▶ **Task instructions**: Without the pictures, print the lines from the one holding "어머니의 날 선물 국가" through the last line below, both included, exactly as they stand.

▶ **Recorded information**:
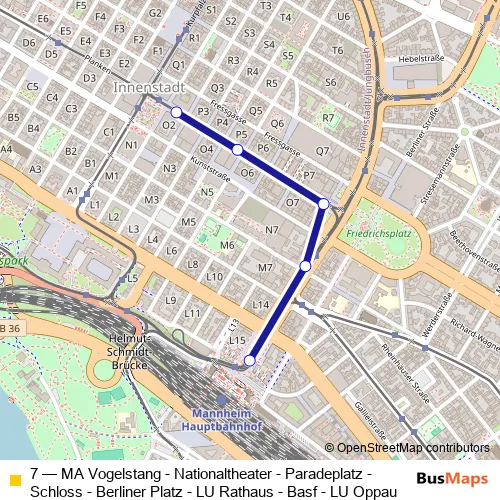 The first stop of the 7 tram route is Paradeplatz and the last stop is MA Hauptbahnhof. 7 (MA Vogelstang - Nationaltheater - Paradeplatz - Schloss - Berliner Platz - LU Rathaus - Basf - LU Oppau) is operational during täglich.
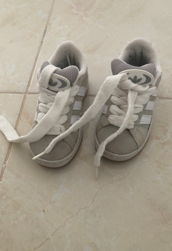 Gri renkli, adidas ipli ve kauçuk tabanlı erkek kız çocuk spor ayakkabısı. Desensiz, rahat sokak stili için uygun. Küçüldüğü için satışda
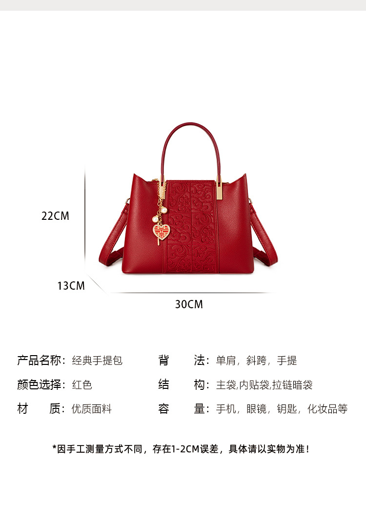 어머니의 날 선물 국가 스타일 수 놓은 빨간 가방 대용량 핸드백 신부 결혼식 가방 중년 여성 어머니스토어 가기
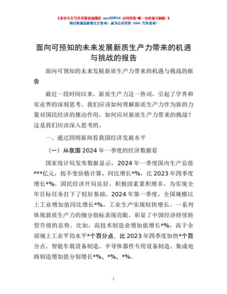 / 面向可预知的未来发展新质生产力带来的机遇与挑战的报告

▶ **Worked solution**:
 어머니의 날 선물 국가 스타일 수 놓은 빨간 가방 대용량 핸드백 신부 결혼식 가방 중년 여성 어머니스토어 가기
 / 面向可预知的未来发展新质生产力带来的机遇与挑战的报告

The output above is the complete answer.